# [Task to complete]
Repeat the data verbatim, images excluded.

# [Information supplied]

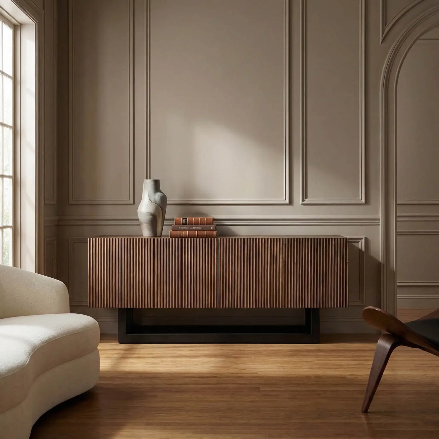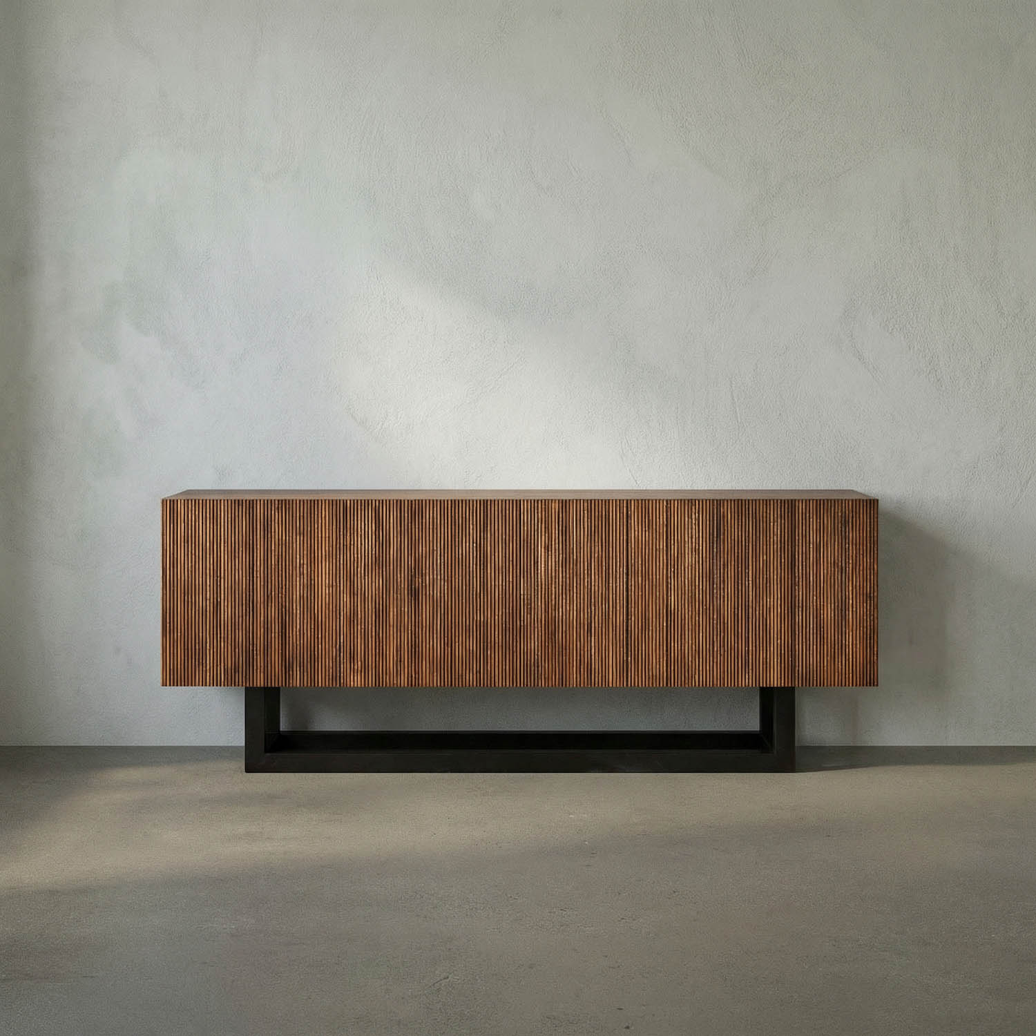 The four-door Thomson Sideboard features rich dark walnut veneer along with matte black iron accents. The doors showcase subtle vertical grooves, blending bold lines and texture for a striking, modern minimalist appearance.
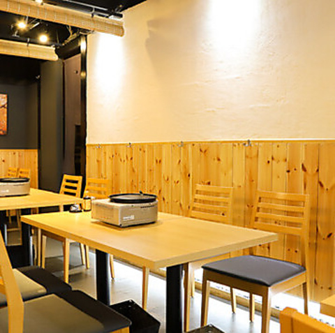 店内は白と木目を基調とした、明るく清潔感のある落ち着いた空間です。ゆったりと座れるテーブル席は広々としており、お食事をしながら会話を楽しみたい方におすすめ♪4名掛けテーブル席を5卓ご用意しておりますので、ご友人やご家族とのお食事にぴったりです◎美味しい料理を囲んで、素敵な時間をお過ごしください。
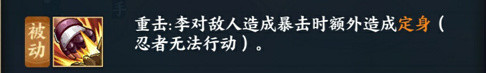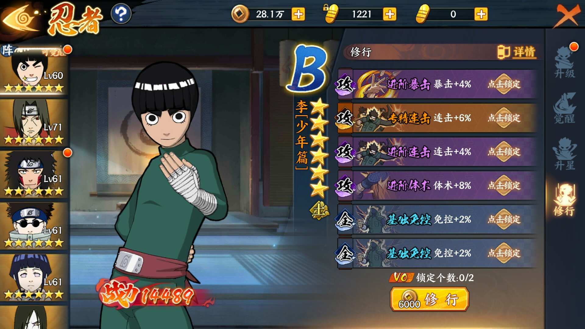 李[少年篇]毕竟是个爆发型忍者,所以推荐两种修行方式。第一种主要刷体术属性,这样一来能把李[少年篇]的伤害最大化,而且非常的稳定输出。第二种就是刷暴击属性,暴击可以配合李[少年篇]的被动造成定身,而且配合另一被动暴击率会更高,不过没有第一种的伤害稳定一点,毕竟就算暴击率再高,也有一定的运气成分在里面。
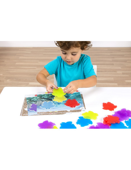 Contiene 20 tortugas de colores, 9 tarjetas con actividades

# [Expected output]
 The four-door Thomson Sideboard features rich dark walnut veneer along with matte black iron accents. The doors showcase subtle vertical grooves, blending bold lines and texture for a striking, modern minimalist appearance.
 店内は白と木目を基調とした、明るく清潔感のある落ち着いた空間です。ゆったりと座れるテーブル席は広々としており、お食事をしながら会話を楽しみたい方におすすめ♪4名掛けテーブル席を5卓ご用意しておりますので、ご友人やご家族とのお食事にぴったりです◎美味しい料理を囲んで、素敵な時間をお過ごしください。
 李[少年篇]毕竟是个爆发型忍者,所以推荐两种修行方式。第一种主要刷体术属性,这样一来能把李[少年篇]的伤害最大化,而且非常的稳定输出。第二种就是刷暴击属性,暴击可以配合李[少年篇]的被动造成定身,而且配合另一被动暴击率会更高,不过没有第一种的伤害稳定一点,毕竟就算暴击率再高,也有一定的运气成分在里面。
 Contiene 20 tortugas de colores, 9 tarjetas con actividades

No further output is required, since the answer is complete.